Mother Malloy did not raise her head. She seemed scarcely to be breathing.

Then she stirred herself and apologized, explaining that she had been having trouble sleeping lately, and asked Tildy if she would mind going over her proposal again.

Three of the most dependable people in Tildy’s life: the teacher who had spent hours encouraging her to express herself in new ways and the two house servants whose adoration she had taken for granted ever since they had taken turns pushing her wherever she wanted to go in her stroller; within a single week, two of them had run out of the room laughing at her, and she had put the other one to sleep sitting bolt upright.

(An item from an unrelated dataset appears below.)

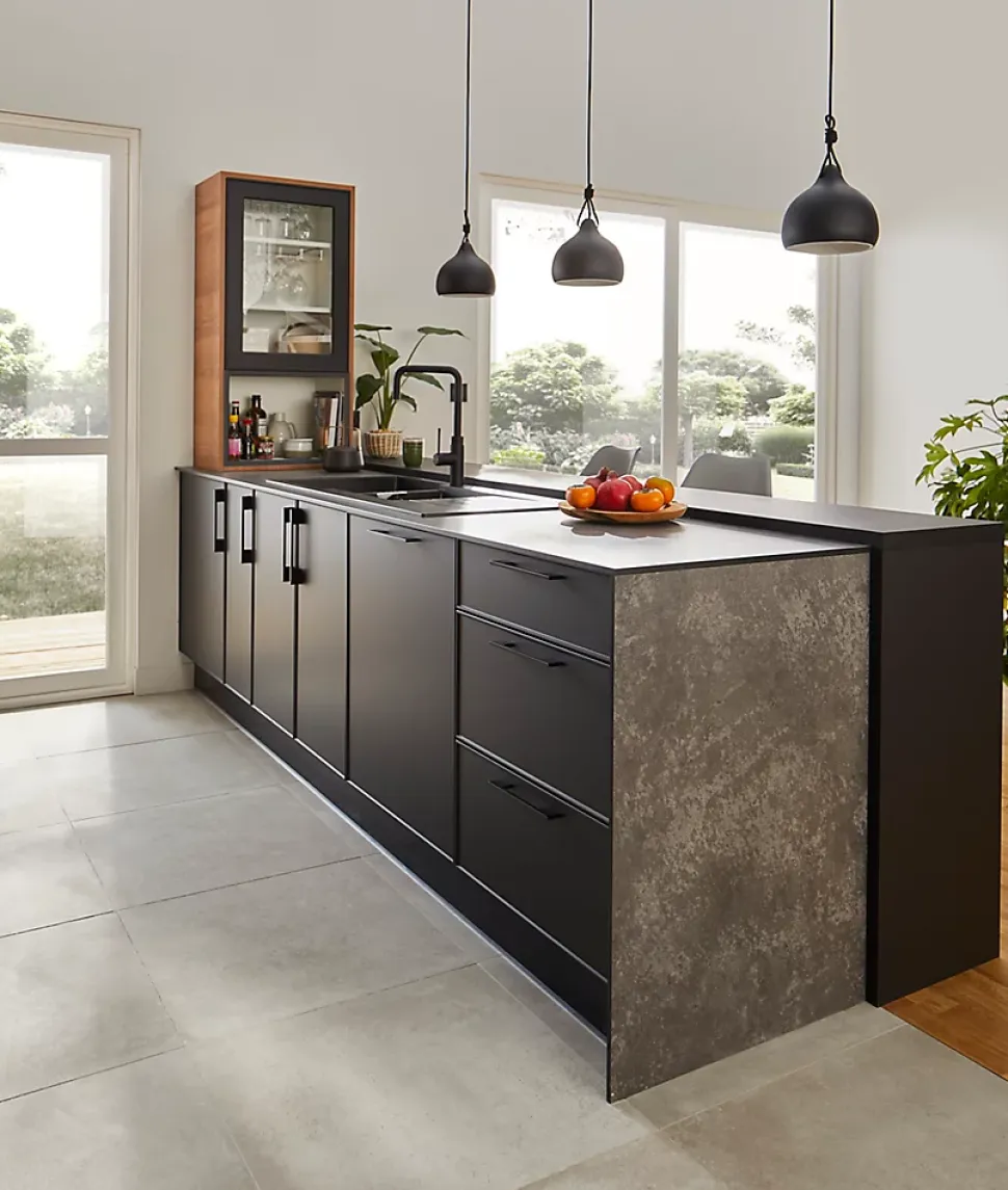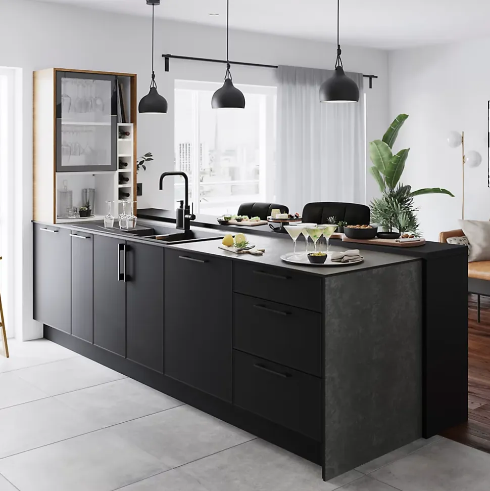 Nos plans de travail GoodHome sont conçus pour être fonctionnels et faciles à entretenir. Il existe un large éventail d’options, permettant de l’adapter à votre style, pour rappeler les portes et accessoires GoodHome. Vous pouvez ainsi créer un espace à votre image.

It made you think twice before taking anybody’s fealty for granted. Thank goodness there were some new people in her life to make a fresh impression on today. At the moment, Tildy sat next to Jiggsie Judd, the new boarder who had recently been demoted to ninth grade by Mother Ravenel, on the scratchy backseat of Jiggsie’s Spartanburg grandmother’s ancient Oldsmobile, being driven by “Bob,” a cigar-smoking man in Levi’s and a plaid wool jacket. They were on their way to the Sunset Park Inn to have afternoon tea with Mrs. Judd in her suite. Bob seemed to be an uncertain mixture of friend and retainer to Jiggsie’s grandmother. Jiggsie said he “went everywhere with her” and “stayed in the room smoking when she had company at home,” but Granny wrote him a check for fifty dollars every week; Jiggsie had seen her doing it. Since Tildy had been in the car, Bob had related several bits of information about Mrs. Judd, whom he referred to as “Nita,” in his sarcastic smoker’s voice: “Nita” still had her license, but she liked him to drive so she didn’t have to pay attention to where they were going; “Nita” refused to part with the 1937 Oldsmobile, whose yearly upkeep cost them more than a new car, because her late husband had bought it for her the year before he died; “Nita” tended to dwell in the past, but she was right good company. His tone teetered between affection and condescension. Tildy was encouraged by the “dwelling in the past” part, however, because this afternoon she planned to ransack the memory of Mrs. Nita Netherby Judd, class of 1913, for the purposes of the play. Think of it: 1913 was only three years after Mount St. Gabriel’s opened. Mrs. Judd would have known the foundress in her prime!